───── Input material

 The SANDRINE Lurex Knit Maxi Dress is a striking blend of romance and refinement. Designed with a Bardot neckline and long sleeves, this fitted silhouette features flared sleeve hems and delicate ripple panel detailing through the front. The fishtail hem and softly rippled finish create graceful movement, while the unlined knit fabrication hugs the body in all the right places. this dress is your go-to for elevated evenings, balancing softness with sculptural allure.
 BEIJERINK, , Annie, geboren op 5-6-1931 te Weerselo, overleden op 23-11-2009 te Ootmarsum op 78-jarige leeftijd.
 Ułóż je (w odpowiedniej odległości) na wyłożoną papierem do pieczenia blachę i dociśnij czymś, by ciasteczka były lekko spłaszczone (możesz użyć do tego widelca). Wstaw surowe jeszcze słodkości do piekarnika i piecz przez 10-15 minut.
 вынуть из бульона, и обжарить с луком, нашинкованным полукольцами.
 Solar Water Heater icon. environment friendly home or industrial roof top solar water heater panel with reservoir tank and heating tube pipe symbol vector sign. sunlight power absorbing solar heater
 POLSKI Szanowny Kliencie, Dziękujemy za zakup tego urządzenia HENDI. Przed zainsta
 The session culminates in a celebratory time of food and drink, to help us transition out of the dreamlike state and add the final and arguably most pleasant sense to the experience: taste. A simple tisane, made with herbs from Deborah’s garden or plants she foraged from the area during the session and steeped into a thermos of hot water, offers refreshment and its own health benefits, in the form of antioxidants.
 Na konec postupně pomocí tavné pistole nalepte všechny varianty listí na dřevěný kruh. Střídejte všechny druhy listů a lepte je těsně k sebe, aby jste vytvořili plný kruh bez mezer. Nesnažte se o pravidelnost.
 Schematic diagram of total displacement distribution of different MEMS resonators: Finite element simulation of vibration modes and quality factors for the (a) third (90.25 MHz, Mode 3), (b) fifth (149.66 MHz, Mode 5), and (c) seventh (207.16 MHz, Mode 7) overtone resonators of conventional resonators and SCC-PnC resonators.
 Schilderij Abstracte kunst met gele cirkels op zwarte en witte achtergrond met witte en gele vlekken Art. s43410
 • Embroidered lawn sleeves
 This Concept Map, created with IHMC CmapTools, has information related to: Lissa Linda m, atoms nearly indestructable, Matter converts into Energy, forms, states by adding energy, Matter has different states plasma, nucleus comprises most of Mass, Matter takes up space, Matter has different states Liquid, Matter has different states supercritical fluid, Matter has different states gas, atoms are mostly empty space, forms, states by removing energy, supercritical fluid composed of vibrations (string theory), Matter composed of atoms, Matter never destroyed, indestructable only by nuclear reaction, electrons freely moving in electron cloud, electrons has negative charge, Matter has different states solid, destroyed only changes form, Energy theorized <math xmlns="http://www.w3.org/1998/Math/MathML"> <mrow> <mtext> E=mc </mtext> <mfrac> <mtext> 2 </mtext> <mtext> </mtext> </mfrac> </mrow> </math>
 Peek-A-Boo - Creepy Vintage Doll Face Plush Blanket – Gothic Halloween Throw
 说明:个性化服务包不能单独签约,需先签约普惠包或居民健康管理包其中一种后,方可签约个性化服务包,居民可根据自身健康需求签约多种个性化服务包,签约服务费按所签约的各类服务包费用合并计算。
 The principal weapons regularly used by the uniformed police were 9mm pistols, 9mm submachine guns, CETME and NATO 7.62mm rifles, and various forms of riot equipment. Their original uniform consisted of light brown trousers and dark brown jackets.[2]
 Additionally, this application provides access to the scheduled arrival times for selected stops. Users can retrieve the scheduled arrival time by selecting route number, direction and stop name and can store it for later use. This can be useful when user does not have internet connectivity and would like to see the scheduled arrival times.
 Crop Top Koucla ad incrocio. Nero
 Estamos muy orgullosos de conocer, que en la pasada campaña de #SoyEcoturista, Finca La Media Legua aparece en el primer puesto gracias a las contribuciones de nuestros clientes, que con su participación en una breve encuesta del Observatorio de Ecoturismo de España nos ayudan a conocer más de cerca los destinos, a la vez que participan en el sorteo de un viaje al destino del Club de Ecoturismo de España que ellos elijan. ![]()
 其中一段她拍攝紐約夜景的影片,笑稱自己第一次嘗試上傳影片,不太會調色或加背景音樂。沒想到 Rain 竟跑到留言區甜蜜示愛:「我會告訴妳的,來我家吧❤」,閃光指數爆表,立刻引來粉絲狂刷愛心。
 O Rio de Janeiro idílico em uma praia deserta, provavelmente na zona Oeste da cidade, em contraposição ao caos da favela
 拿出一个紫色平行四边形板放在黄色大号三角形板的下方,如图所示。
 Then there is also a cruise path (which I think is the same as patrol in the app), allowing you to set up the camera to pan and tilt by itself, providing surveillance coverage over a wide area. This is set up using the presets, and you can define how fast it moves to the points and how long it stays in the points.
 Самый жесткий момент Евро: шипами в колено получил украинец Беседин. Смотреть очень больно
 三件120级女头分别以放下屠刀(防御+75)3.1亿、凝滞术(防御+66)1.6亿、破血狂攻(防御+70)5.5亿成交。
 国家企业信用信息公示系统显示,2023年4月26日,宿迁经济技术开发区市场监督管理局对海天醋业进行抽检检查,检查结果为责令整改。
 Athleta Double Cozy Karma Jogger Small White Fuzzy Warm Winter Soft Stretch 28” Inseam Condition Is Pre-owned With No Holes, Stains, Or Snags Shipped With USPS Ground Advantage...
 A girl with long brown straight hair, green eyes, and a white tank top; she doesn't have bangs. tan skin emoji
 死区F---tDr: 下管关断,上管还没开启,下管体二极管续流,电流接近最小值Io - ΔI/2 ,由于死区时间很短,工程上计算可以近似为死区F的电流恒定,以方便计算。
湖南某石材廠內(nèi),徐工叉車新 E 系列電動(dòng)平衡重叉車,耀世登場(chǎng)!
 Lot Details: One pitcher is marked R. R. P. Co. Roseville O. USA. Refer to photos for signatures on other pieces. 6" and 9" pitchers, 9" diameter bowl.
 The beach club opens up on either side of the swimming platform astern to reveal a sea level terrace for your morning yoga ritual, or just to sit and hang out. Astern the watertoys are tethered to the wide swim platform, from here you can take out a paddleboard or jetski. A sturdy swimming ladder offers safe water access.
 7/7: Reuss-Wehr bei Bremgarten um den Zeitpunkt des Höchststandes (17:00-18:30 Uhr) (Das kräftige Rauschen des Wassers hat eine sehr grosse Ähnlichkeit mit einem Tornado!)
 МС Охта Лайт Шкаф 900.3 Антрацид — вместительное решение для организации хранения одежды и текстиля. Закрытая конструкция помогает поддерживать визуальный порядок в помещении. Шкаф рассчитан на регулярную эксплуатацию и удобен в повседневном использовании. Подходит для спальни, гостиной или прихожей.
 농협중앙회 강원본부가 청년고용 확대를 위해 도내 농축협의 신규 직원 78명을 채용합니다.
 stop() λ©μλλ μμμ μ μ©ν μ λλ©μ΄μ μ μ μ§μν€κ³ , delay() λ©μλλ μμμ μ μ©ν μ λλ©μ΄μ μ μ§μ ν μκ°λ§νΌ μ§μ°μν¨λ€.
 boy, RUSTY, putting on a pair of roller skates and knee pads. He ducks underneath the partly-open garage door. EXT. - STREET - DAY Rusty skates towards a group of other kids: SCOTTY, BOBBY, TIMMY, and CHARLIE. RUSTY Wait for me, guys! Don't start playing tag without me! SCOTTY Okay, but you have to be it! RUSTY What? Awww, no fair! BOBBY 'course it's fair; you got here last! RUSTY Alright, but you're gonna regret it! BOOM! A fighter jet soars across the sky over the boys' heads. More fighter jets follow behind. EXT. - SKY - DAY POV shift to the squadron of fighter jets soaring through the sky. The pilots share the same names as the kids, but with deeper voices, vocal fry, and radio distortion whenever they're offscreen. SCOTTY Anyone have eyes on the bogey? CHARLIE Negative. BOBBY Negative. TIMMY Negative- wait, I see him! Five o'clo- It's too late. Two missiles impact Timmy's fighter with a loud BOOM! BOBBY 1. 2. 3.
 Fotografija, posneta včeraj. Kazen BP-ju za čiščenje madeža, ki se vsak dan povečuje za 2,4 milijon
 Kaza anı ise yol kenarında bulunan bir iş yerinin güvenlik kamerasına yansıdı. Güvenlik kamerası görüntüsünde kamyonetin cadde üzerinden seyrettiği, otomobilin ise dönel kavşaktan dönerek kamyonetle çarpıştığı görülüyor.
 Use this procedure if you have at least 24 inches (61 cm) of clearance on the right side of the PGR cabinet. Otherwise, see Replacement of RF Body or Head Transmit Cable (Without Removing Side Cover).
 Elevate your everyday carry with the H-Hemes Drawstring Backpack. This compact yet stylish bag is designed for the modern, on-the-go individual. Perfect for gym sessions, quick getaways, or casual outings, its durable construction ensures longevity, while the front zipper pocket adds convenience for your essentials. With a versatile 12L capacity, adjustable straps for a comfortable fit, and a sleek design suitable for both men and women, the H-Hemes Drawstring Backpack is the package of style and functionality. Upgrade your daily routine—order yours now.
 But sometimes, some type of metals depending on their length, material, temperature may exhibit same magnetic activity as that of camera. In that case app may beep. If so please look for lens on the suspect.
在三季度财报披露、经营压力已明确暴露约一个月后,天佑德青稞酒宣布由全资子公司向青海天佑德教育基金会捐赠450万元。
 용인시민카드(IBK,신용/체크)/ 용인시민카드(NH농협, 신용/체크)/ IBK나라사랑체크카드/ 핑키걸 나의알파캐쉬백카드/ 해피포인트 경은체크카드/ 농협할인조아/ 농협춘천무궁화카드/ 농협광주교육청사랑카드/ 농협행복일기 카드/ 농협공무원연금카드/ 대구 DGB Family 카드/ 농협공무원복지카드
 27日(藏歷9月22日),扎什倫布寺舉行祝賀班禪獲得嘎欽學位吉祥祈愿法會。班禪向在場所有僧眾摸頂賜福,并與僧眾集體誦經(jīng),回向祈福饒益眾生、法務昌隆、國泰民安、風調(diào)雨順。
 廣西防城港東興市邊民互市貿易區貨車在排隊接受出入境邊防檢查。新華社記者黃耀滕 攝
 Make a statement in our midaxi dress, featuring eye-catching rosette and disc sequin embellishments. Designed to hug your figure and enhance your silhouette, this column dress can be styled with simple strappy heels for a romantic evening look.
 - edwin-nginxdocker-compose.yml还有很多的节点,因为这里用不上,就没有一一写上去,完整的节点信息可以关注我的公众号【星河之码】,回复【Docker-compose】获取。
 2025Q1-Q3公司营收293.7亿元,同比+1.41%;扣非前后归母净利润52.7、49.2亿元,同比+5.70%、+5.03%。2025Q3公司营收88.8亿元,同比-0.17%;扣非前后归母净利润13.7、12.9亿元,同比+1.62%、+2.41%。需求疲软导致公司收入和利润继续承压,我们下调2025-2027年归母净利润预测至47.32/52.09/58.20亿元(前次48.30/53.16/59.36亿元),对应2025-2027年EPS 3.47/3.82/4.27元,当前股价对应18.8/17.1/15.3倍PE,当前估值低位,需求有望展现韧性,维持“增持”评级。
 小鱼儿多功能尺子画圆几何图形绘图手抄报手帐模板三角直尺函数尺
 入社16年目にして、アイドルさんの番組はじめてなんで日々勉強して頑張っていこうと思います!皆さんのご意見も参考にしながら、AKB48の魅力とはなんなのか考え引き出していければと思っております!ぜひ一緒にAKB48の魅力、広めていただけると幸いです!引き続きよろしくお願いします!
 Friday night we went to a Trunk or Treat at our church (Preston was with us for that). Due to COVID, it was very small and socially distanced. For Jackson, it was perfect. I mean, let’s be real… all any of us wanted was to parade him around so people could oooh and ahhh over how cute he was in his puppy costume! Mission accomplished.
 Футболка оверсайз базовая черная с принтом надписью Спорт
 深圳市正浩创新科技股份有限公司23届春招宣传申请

──────────

__Exercise instructions__
Retype exactly the lines from the one containing "Make a statement" through the end of the data. Add nothing.

__Answer to the exercise__
 Make a statement in our midaxi dress, featuring eye-catching rosette and disc sequin embellishments. Designed to hug your figure and enhance your silhouette, this column dress can be styled with simple strappy heels for a romantic evening look.
 - edwin-nginxdocker-compose.yml还有很多的节点,因为这里用不上,就没有一一写上去,完整的节点信息可以关注我的公众号【星河之码】,回复【Docker-compose】获取。
 2025Q1-Q3公司营收293.7亿元,同比+1.41%;扣非前后归母净利润52.7、49.2亿元,同比+5.70%、+5.03%。2025Q3公司营收88.8亿元,同比-0.17%;扣非前后归母净利润13.7、12.9亿元,同比+1.62%、+2.41%。需求疲软导致公司收入和利润继续承压,我们下调2025-2027年归母净利润预测至47.32/52.09/58.20亿元(前次48.30/53.16/59.36亿元),对应2025-2027年EPS 3.47/3.82/4.27元,当前股价对应18.8/17.1/15.3倍PE,当前估值低位,需求有望展现韧性,维持“增持”评级。
 小鱼儿多功能尺子画圆几何图形绘图手抄报手帐模板三角直尺函数尺
 入社16年目にして、アイドルさんの番組はじめてなんで日々勉強して頑張っていこうと思います!皆さんのご意見も参考にしながら、AKB48の魅力とはなんなのか考え引き出していければと思っております!ぜひ一緒にAKB48の魅力、広めていただけると幸いです!引き続きよろしくお願いします!
 Friday night we went to a Trunk or Treat at our church (Preston was with us for that). Due to COVID, it was very small and socially distanced. For Jackson, it was perfect. I mean, let’s be real… all any of us wanted was to parade him around so people could oooh and ahhh over how cute he was in his puppy costume! Mission accomplished.
 Футболка оверсайз базовая черная с принтом надписью Спорт
 深圳市正浩创新科技股份有限公司23届春招宣传申请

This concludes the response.